# EHU - Is it save to leave on in storage?



## moorapples (Oct 31, 2010)

Hi

I have just put my mh in storage until mid March. I have access to power and wondered is it safe to leave connected for long periods or should I use a time clock and only have it on for a couple of hours a day.
I have a Burstner Ixeo and it is fitted with an Schaudt Electrocbloc 99G. I hear stories of the main vehicle battery going flat in 2 - 3 weeks so leaving on hook up would stop this. 
Any advice would be appreciated.

Thanks

Phil


----------



## UncleNorm (May 1, 2005)

Hi Phil!

As I type, Our Coral is connected to the mains. This ensures that our two leisure batteries are always topped up, as is our engine starter battery. I've only been doing that for just over 3 years with this motorhome!! :roll: :wink: 

So go for it!

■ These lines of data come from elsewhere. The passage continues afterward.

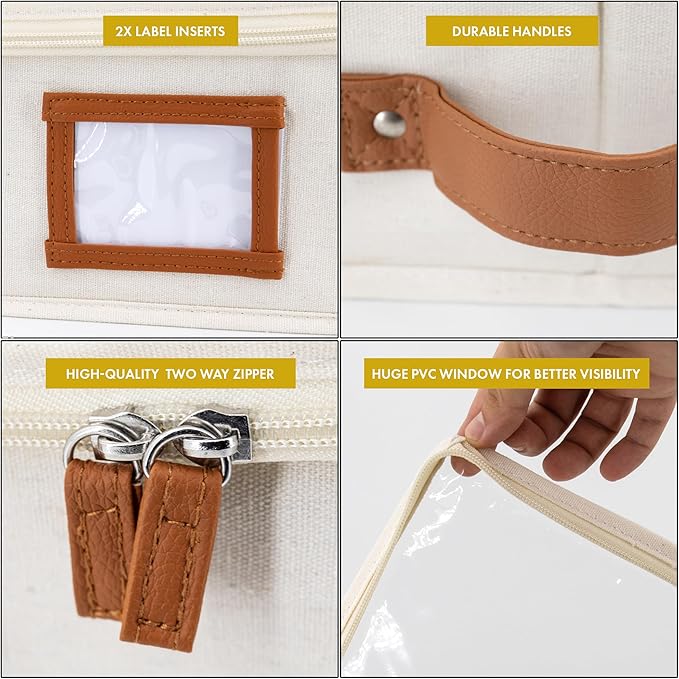 - ๐๐๐ข๐ง๐๐จ๐ซ๐๐๐ ๐๐จ๐ฎ๐๐ฅ๐ ๐๐๐๐ฎ๐ซ๐ ๐๐๐ง๐๐ฅ๐๐ฌ: Homelux Theory's storage boxes with lids for organizing comes with 3 fortified handles (Front, left and right), for effortless pull, slide, push & secure lift. The handles of these shallow under bed storage are also precisely stitched inside out, with additional rivets to strengthen the holding capacity that helps to withstand the constant pulling in and out of under the bed. These stylish storage for under beds can hold up to 35 lbs fo heavy-duty use.
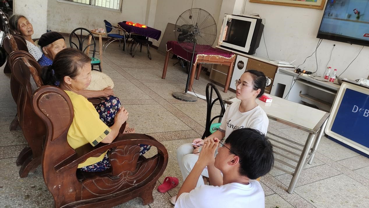 图5:“‘梦’乡小分队”团队队员采访社门岭村村民并与村民进行深入的交流
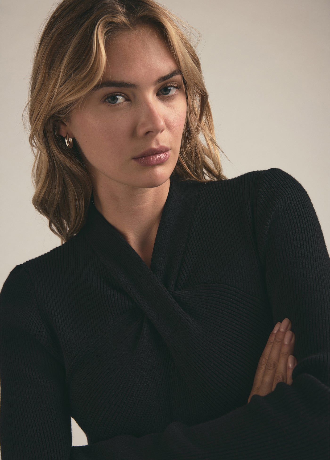 You've got the look. The Made You Look Dress is made to be noticed. Cut from a rib knit that keeps its slim shape, it's a full-length dress with long sleeves and a twisted neckline detail.
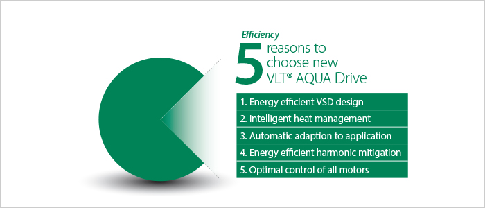 Our tight focus on energy efficiency at every stage of development, including the net efficiency when the new generation VLT® AQUA Drive is installed, means that you get a drive that delivers cost savings of up to 25% of the investment in the drive in its first year, when compared to traditional AC-drive solutions. That’s the equivalent to the savings gained by choosing an IE 3 motor instead of an IE 2.
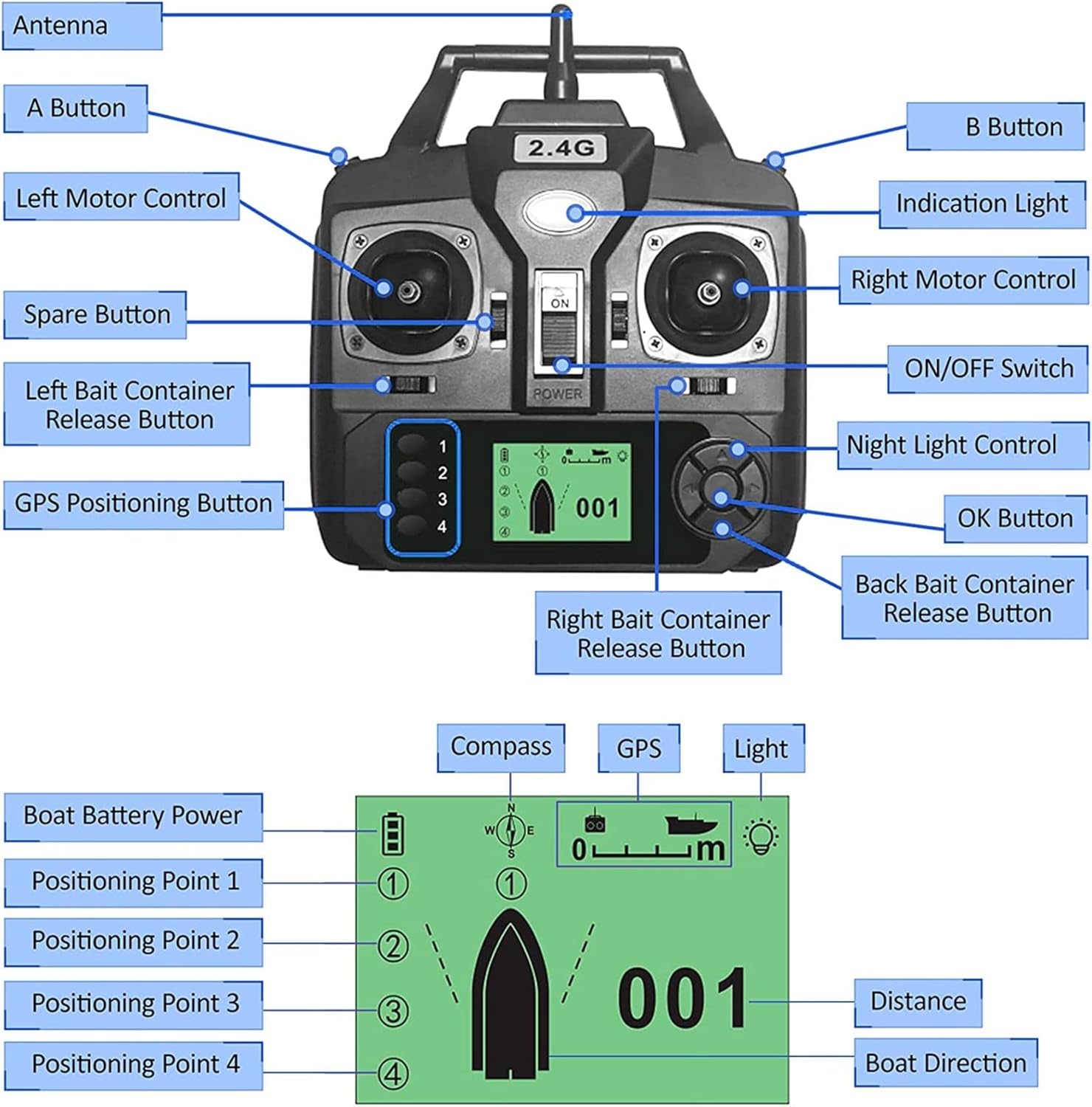 (Barca da pesca): la barca da pesca intelligente utilizza il sistema di posizionamento GPS per portare esche e ami per la pesca o posizionare esche nelle profondità del lago. Spesso porta sorprese inaspettate agli appassionati di pesca. È la scelta ideale per i pescatori. (Dettagli eccellenti): la barca da esca ha due motori e due eliche. Può navigare facilmente nel ricevitore del segnale del telecomando entro 500 metri. barca lontana di notte. (Contenitore per esche di grande capacità): la barca da mangiatoia è dotata di 3 contenitori per esche, nei quali è possibile caricare un totale di 2 kg di esche. Il telecomando può controllare in modo indipendente l'apertura del contenitore dell'esca. Molti pesci vengono attratti posizionando l'esca. nel lago. Inoltre, il gancio può essere appeso ai contenitori delle esche per evitarne la caduta. (Batteria al litio ad alte prestazioni): la barca a motore è alimentata da una batteria da 5200 mAh. Può essere caricato separatamente ed è facile da installare. Dopo ogni carica completa, la barca da esca può essere utilizzata per circa 2-3 ore, il che è molto adatto per le carpe.
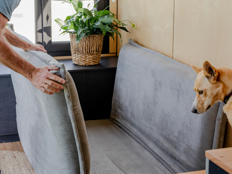 The design of his tiny home reflects this mindset. Free from excess items, it incorporates features like underfloor storage to keep things organized and out of sight. His couch cleverly doubles as a queen-sized bed, offering versatility without compromising on space or comfort. This intentional approach has created a living environment that feels open, functional, and perfectly aligned with his lifestyle.
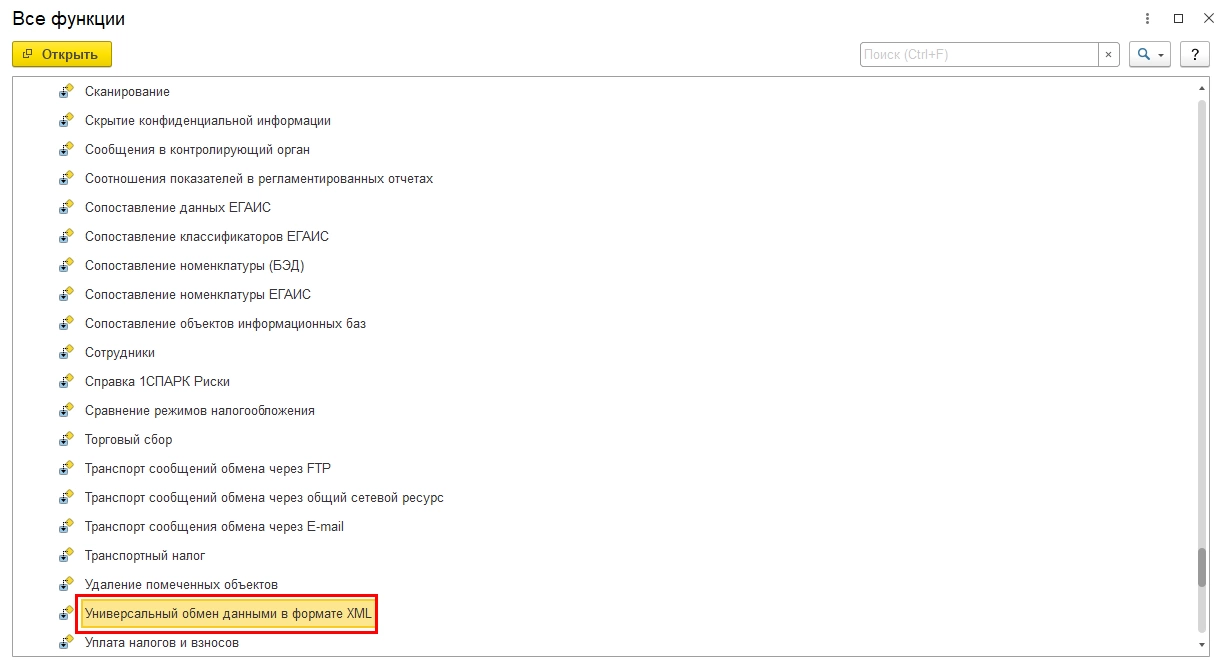 Этот способ хорошо использовать, когда надо очистить полностью информационную базу от всех документов. Сделать это можно с помощью обработки «Универсальный обмен данными в формате XML». Найти ее можно в разделе «Все функции»-«Обработки».
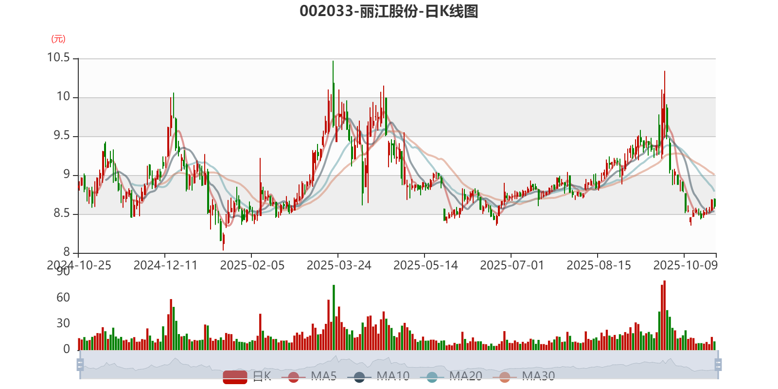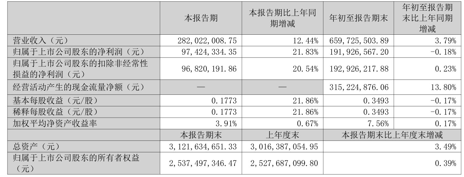中证智能财讯丽江股份(002033)10月25日披露2025年第三季度报告。前三季度公司实现营业总收入6.6亿元,同比增长3.79%;归母净利润1.92亿元,同比下降0.18%;扣非净利润1.93亿元,同比增长0.23%;经营活动产生的现金流量净额为3.15亿元,同比增长13.80%;报告期内,丽江股份基本每股收益为0.3493元,加权平均净资产收益率为7.56%。
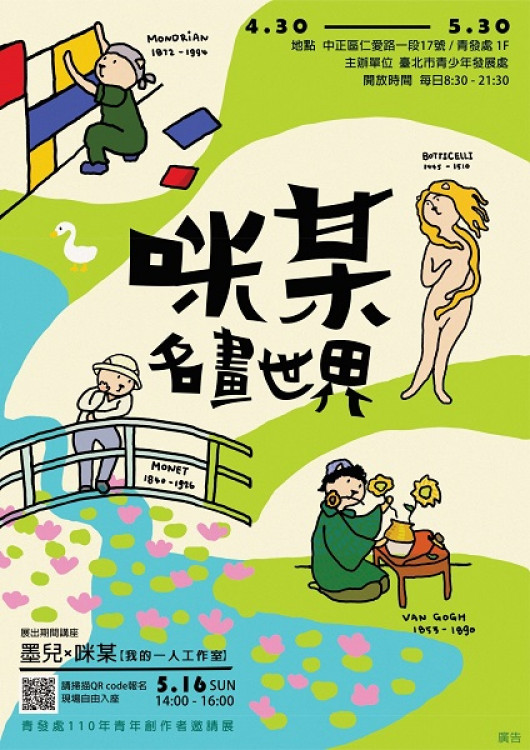 「咪某名畫世界」展覽即日起展到5/30,每日8:30至21:30,在青發處1樓展覽區免費參觀(臺北市中正區仁愛路1段17號)。展期間除舉辦講座外,也會有咪某周邊商品抽獎活動,相關資訊請上青發處FB及IG粉絲團查詢。
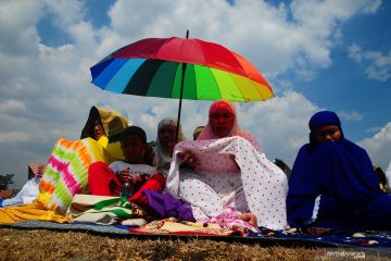 Umat Islam berdoa usai melaksanakan shalat Istisqa atau shalat minta hujan di lapangan Desa Kuwu, Kradenan, Grobogan, Jawa Tengah, Kamis (3/10/2019). Sholat itu untuk meminta hujan agar bencana kekeringan yang melanda wilayah setempat sejak lima bulan terakhir dan sejumlah wilayah di Indonesia segera berakhir. ANTARA FOTO/Yusuf Nugroho/pras.
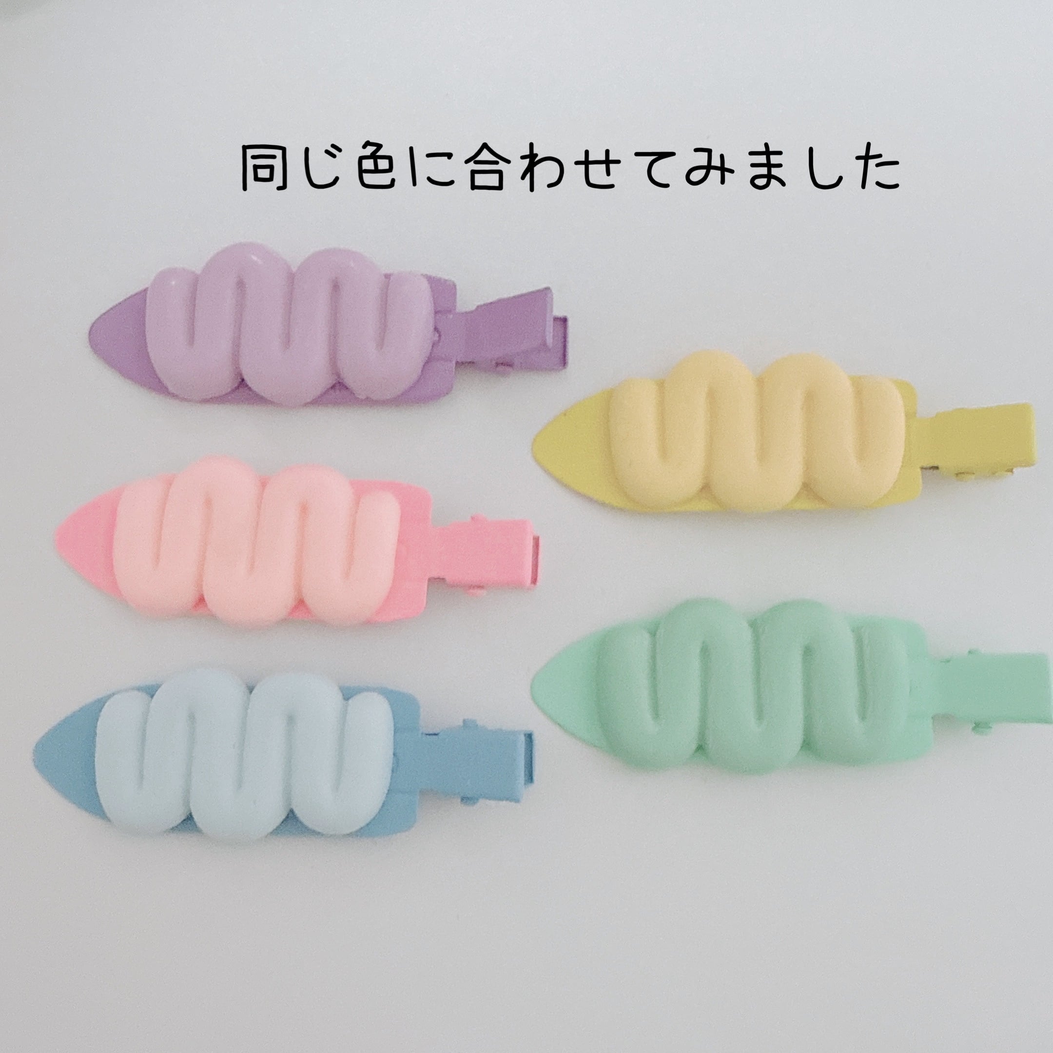 それを前髪クリップに貼ったり、シャカシャカに入れたり

Put it on EHU. 8)


----------



## DTPCHEMICALS (Jul 24, 2006)

On EHU all the time when parked at home.
Never a problem in 5 years. and previous 20 with caravan.
Dave p


----------



## presto (Apr 22, 2009)

My motor dealer told me connected to mains all the time wrecks the liquid batteries.
Presto


----------



## DABurleigh (May 9, 2005)

If you have a multistage charger with terminal float voltage 13.5-13.8 volts, the batteries won't be harmed.

Dave


----------